Both groups exhibited comparable distributions in obstetric history, with a slightly higher proportion of primigravida in the PE group. However, significant differences were observed in the rates of booking ANC services, with fewer PE patients booking ANC compared to their normotensive counterparts, where more patients had adequate ANC visits or were booked cases. This finding suggests a potential association between inadequate prenatal care and an increased risk of PE, consistent with previous findings. 1
Analysis of NLR and PLR revealed significantly elevated levels in the PE group compared to normotensive controls. Elevated NLR and PLR have been associated with systemic inflammation and oxidative stress, which are recognized contributors to the pathogenesis of PE.3, 4, 12 Importantly, higher NLR and PLR values correlated with severe cases of PE within our study cohort, indicating their potential utility as predictive markers for disease severity and maternal outcomes.

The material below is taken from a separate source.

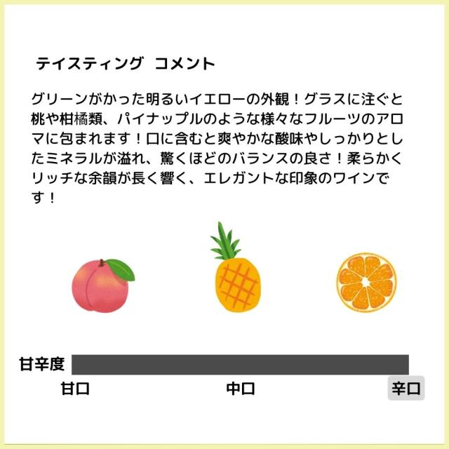![]() ■ぶどう品種:グレケット、プロカニコ、トレッビアーノ、ピノ・ビアンコ、ヴィオニエ ■発酵・熟成:温度管理されたステンレスタンクで発酵したのち、沈んだ澱とともに数ヵ月間タンク内で熟成 ■土壌:化石などの堆積物と粘土質の多い土壌 ■収穫:成熟度にこだわり、糖度が平均以上になるまで熟すのを待って収穫 ■標高:220~470m ■気候:夏は暑く乾燥し、冬は寒く湿気が多い 世界的に有名な銘醸高級白ワイン“チェルヴァロデラサラ”の妹的な白ワイン!土着品種をブレンドし、テロワールの個性を色濃く反映したスタイル!香り高く、コクがあり、後味は爽快と3拍子揃い、幅広い食事に合う仕上がり! グリーンがかった明るいイエローの外観!グラスに注ぐと桃や柑橘類、パイナップルのような様々なフルーツのアロマに包まれます!口に含むと爽やかな酸味やしっかりとしたミネラルが溢れ、驚くほどのバランスの良さ!柔らかくリッチな余韻が長く響く、エレガントな印象のワインです! イタリアの土着品種を用いた、香り・コク・爽快感と三拍子揃った、幅広い食事に合う一本!偉大なるチェルヴァロデラサラの妹的存在の辛口白ワイン!コストパフォーマンスに優れた逸品をぜひ一度お試しください! |

Our findings support previous studies that underscore NLR and PLR as valuable biomarkers in predicting PE and assessing its severity.6, 8 These biomarkers reflect underlying inflammatory processes and endothelial dysfunction, which are pivotal in the pathophysiology of PE.9, 10
Canzoneri et al. highlighted a significant increase in neutrophil numbers contributing to leukocytosis observed in women with PE, suggesting a link between heightened neutrophil activity and the inflammatory milieu characteristic of PE.13 Studies conducted in antenatal women with PE further reinforced the role of NLR and PLR as potential biomarkers for predicting the onset and severity of PE across diverse populations.9, 14 Cui et al. explored NLR as a marker for liver and coagulation dysfunction in PE patients, indicating its utility in reflecting systemic inflammation and organ-specific complications.14 Additionally, NLR and PLR were affirmed as prognostic markers in pregnancy, crucial for guiding the clinical management of PE.15
Conclusion
Our study contributes to the evolving understanding of NLR and PLR as predictive biomarkers for PE onset, severity, and complications. Further validation and integration of these biomarkers into routine prenatal care protocols hold promise for improving maternal and fetal outcomes in pregnancies complicated by PE. These CBC-derived markers offer accessible, predictive insights, enhancing PE management across healthcare settings, especially helpful in low-resource and rural settings.